Spotted DNA microarray. Red spots represent genes abundantly expressed in wine yeast growing in a high concentration of copper sulfate. Green spots represent genes expressed abundantly in wine yeast growing at a low concentration of copper sulfate. Copper sulfate is often applied in vineyards to control growth of fungi.

Research Image 2

Information on the Tree of Life. Recent efforts to reveal the evolutionary history of life on earth have increasingly relied on the sequencing of DNA from multiple species for multiple genes. This figure demonstrates a principle that should guide these efforts: to understand deep divergences, sample taxa that diverge deeply first. a) and b) Curves depict the cumulative support for the bold deep internode of four species (the fungi Yarrowia lipolytica, Saccharomyces cerevisiae, Coccidioides immitis, and Neurospora crassa), ranging from zero to complete sampling for several sampling schemes: the outcome based on perfect and worst-possible performance (dashed); outcome based on prioritizing sampling based on an novel theoretical prediction using rate of evolution of the sequences (solid); outcome based on prioritizing sampling of all genes for the deepest ingroup (dash-dotted); expectation for haphazard sampling (dotted). c) The established chronogram, or time tree, of the evolution of these species.
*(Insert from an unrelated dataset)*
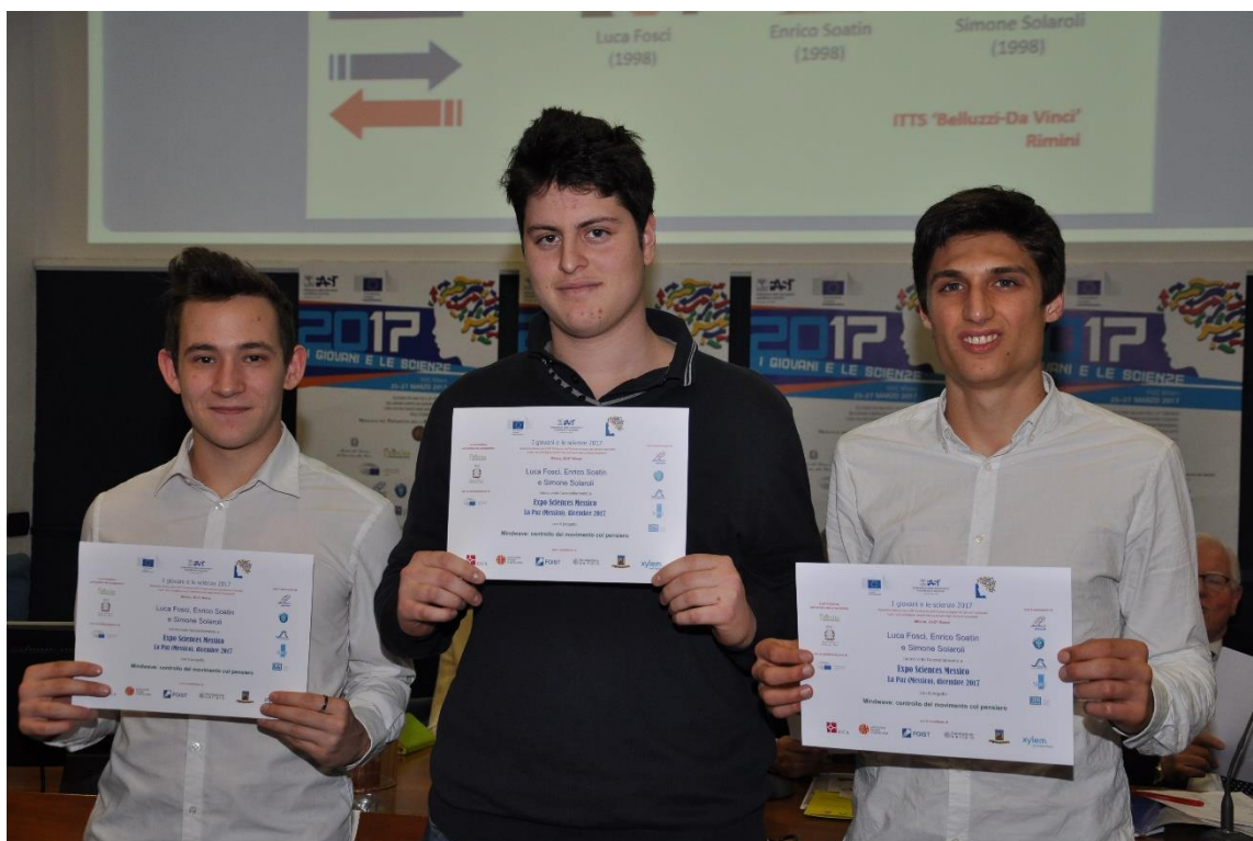
Figura 15. Studenti italiani accreditati con I giovani e le scienze all'Expo Messico 2017.

Vertical bars in the plots correspond to switches from sampling characters from deeper-branching to sampling characters from shallower-branching taxa; note that the slope of the increase in cumulative information (red and green curves) declines as sequences are sampled from more recently diverged lineages in the tree, and that this pattern of high utility to sampling the deepest lineages is revealed for both the clade in panel a and the clade in panel b.

Research Image 3

Population genetic modeling of HGT suggests several key quantities are important to designing any sampling-based assay of horizontal gene transfer (HGT) in large populations. The HGT rate r and the exposed fraction X play significant but ultimately minor roles in the population dynamics, most likely impacting only the number of original opportunities for horizontal spread of genetic material. The malthusian selection coefficient m of the transferred genetic material and the time in recipient generations t from exposure play key, non-linear roles in determining the potential for detection of HGT. Sample size n is important, but frequently the practical sample sizes to be obtained are many orders of magnitude below the extant population size. It is therefore essential to wait until natural selection has had time to operate, so that it is essential to wait until natural selection has a chance to operate to have any chance of effectively detecting horizontal gene transfer events.